Based on how the hackers are obtaining their passwords, have a password under max characters may actually make you LESS likely to get hacked; if, god forbid, they actually have access to full unencrypted lists, they are going to aim for people with the highest amount of characters first, since those people are more likely to have better stuff if they are going to that length to protect their account.

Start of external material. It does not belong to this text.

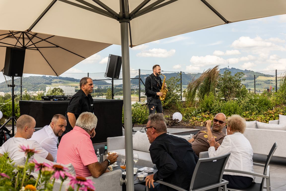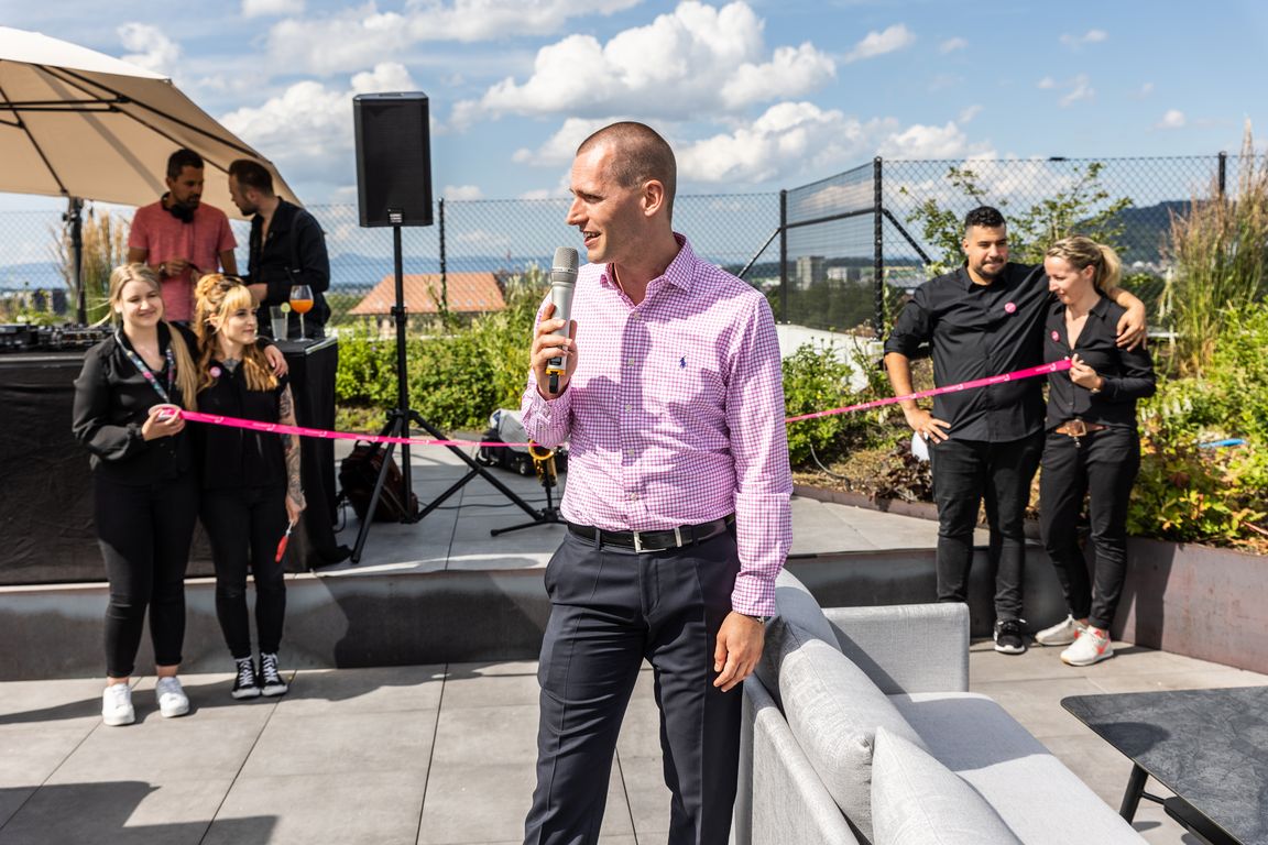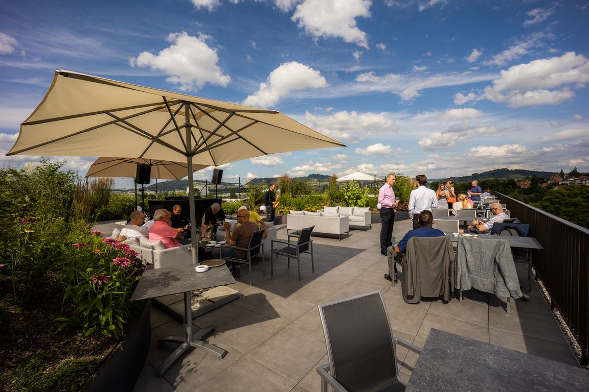 Da die Hotel-Eröffnung Anfang 2020 auf Grund der Corona-Lage nie offiziell gefeiert werden konnte, gab es heute zur Opening Party der Rooftop-Bar mit den Eigentümern der SPS (Swiss Prime Site AG), Partnern, Nachbarn und Pressevertretern nun doppelt Grund anzustoßen.
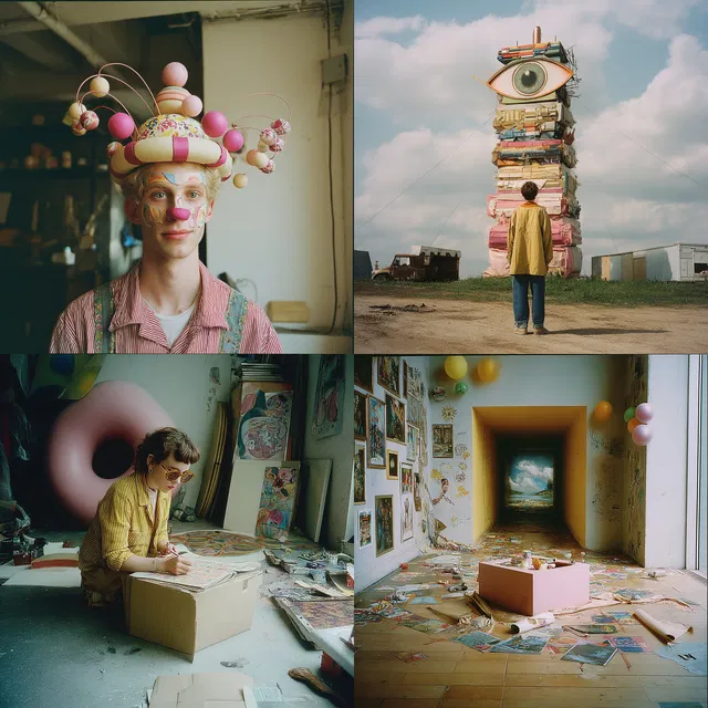 Сюрреализм сочетается с причудливостью в стиле, который восхищает своими игровыми композициями и сказочными визуалами. Пастельные оттенки и мягкие градиенты создают нежную, располагающую атмосферу, а замысловатые детали и многослойные текстуры добавляют глубины и сложности.

Not to mention, having a 64 character password would be extremely annoying...you would spend more time logging in than playing, especially with the amount of crashes the game gets now.

[cantthinkofauser]

Knowing that this has gone on for nearly half a year now, has anyone ever gotten hacked twice on the same account?
I'm wondering if these "hackers" (if they are of a group) just run by accounts and throw them away as soon as they finish with them.

[Combattente]

Goodbye account hackers.

[Eos]

Goodbye hackers.

I so wish

[KhainiWest]

Goodbye account hackers.

I feel like that wouldn't be a possibility unless it became subscription based

[Kaffei4Lunch]

Goodbye account hackers.

What's that o.o

[Eos]

I feel like that wouldn't be a possibility unless it became subscription based

Honestly as long as Nexon made you pay for the fob it really shouldn't be much of an issue for them to do. Goodness knows they put off enough to the players as is.